By Steve Holland and Ayesha Rascoe
WASHINGTON (Reuters) – U.S. President Donald Trump formally withdrew the United States from the Trans-Pacific Partnership trade deal on Monday, distancing America from its Asian allies, as China’s influence in the region rises.
Fulfilling a campaign pledge to end American involvement in the 2015 pact, Trump signed an executive order in the Oval Office pulling the United States out of the 12-nation TPP.
Trump, who wants to boost U.S. manufacturing, said he would seek one-on-one trade deals with countries that would allow the United States to quickly terminate them in 30 days “if somebody misbehaves.”
“We’re going to stop the ridiculous trade deals that have taken everybody out of our country and taken companies out of our country,” the Republican president said as he met with union leaders in the White House’s Roosevelt Room.
The TPP accord, backed heavily by U.S. business, was negotiated by former Democratic President Barack Obama’s administration but never approved by Congress.
Obama had framed TPP, which excluded China, as an effort to write Asia’s trade rules before Beijing could, establishing U.S. economic leadership in the region as part of his “pivot to Asia.”
China has proposed a Free Trade Area of the Asia Pacific and has also championed the Southeast Asian-backed Regional Comprehensive Economic Partnership.
Trump has sparked worries in Japan and elsewhere in the Asia-Pacific with his opposition to the TPP and his campaign demands for U.S. allies to pay more for their security.

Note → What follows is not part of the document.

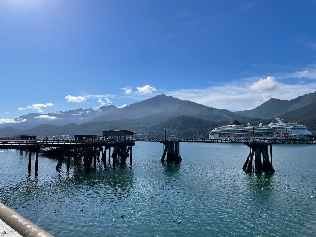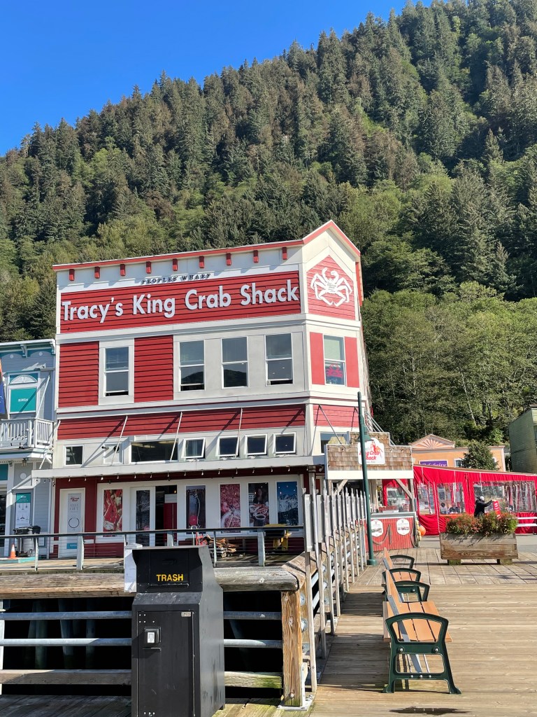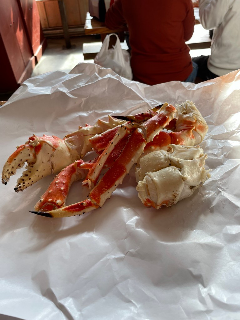 There were a lot of shops to check out, but the tour guide for the helicopters recommended the beer company to find good t-shirts. Along the way, I managed to find a sale on a water bottle with a tribal symbol on it as well as a whale tale necklace with a nice chain. The Alaskan brewing company had a good variety of t-shirts and sweatshirts for reasonable prices and good quality. After shopping, we bought an early lunch at Tracy’s King Crab Shack. We got a pound of king crab (which they steam while you wait) and it was $75. It’s very difficult for them to get king crab and therefore prices are unreal. It was absolutely worth it though. Delicious!
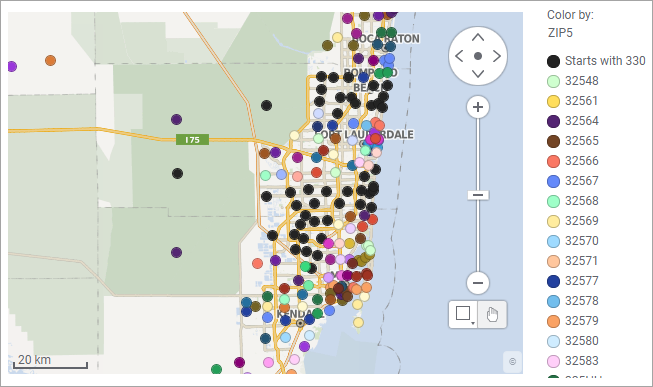 Se ofrecen diferentes posibilidades de asignación de colores en función de si la columna seleccionada en el eje Color por contiene valores por categorías o valores numéricos. Los valores por categorías son valores que se pueden dividir en grupos (como sexo o país) y los valores numéricos son datos cuantitativos (como distancias o cifras de ventas).

His trade stance mirrors a growing feeling among Americans that international trade deals have hurt the U.S. job market. Republicans have long held the view that free trade is a must, but that mood has been changing.
“It’s going to be very difficult to fight that fight,” said Lanhee Chen, a Hoover Institution fellow who was domestic policy adviser to 2012 Republican presidential nominee Mitt Romney. “Trump is reflecting a trend that has been apparent for many years.”
Harry Kazianis, director of defense studies at the Center for the National Interest think tank in Washington, said Trump must now find an alternative way to reassure allies in Asia.
“This could include multiple bilateral trade agreements. Japan, Taiwan and Vietnam should be approached first as they are key to any new Asia strategy that President Trump will enact,” he said.
Trump is also working to renegotiate the North American Free Trade Agreement to provide more favorable terms to the United States, telling reporters he would meet leaders of NAFTA partners Mexico and Canada to get the process started.
The new president met with a dozen American manufacturers at the White House on Monday, pledging to slash regulations and cut corporate taxes – but warning them he would take action on trade deals he felt were unfair.
Trump, who took office on Friday, has promised to bring factories back to the United States – an issue he said helped him win the Nov. 8 election. He has not hesitated to call out by name companies he thinks should bring outsourced production back home.
He said those businesses that choose to move plants outside the country would pay a price. “We are going to be imposing a very major border tax on the product when it comes in,” Trump said.
He asked the group of chief executives from companies including Ford Motor Co, Dell Technologies Inc, Tesla Motors Inc and others to make recommendations in 30 days to stimulate manufacturing, Dow Chemical Co Chief Executive Officer Andrew Liveris told reporters.
Liveris said the CEOs discussed the border tax “quite a bit” with Trump, explaining “the sorts of industry that might be helped or hurt by that.”
“Look: I would take the president at his word here. He’s not going to do anything to harm competitiveness,” Liveris said. “He’s going to actually make us all more competitive.”
At part of the meeting observed by reporters, Trump provided no details on how the border tax would work.
The U.S. dollar fell to a seven-week low against a basket of other major world currencies on Monday, and global stock markets were shaky amid investor concerns about Trump’s protectionist rhetoric.
“A company that wants to fire all of its people in the United States, and build some factory someplace else, and then thinks that that product is going to just flow across the border into the United States – that’s not going to happen,” he said.
CUT TAXES AND REGULATIONS
The president told the CEOs he would like to cut corporate taxes to the 15 percent to 20 percent range, down from current statutory levels of 35 percent – a pledge that will require cooperation from the Republican-led U.S. Congress.
But he said business leaders have told him that reducing regulations is even more important.
“We think we can cut regulations by 75 percent. Maybe more,” Trump told business leaders.
“When you want to expand your plant, or when Mark wants to come in and build a big massive plant, or when Dell wants to come in and do something monstrous and special – you’re going to have your approvals really fast,” Trump said, referring to Mark Fields, CEO of Ford.
Fields said he was encouraged by the tone of the meeting.
“I know I come out with a lot of confidence that the president is very, very serious on making sure that the United States economy is going to be strong and have policies – tax, regulatory or trade – to drive that,” he said.
Trump told the executives that companies were welcome to negotiate with governors to move production between states.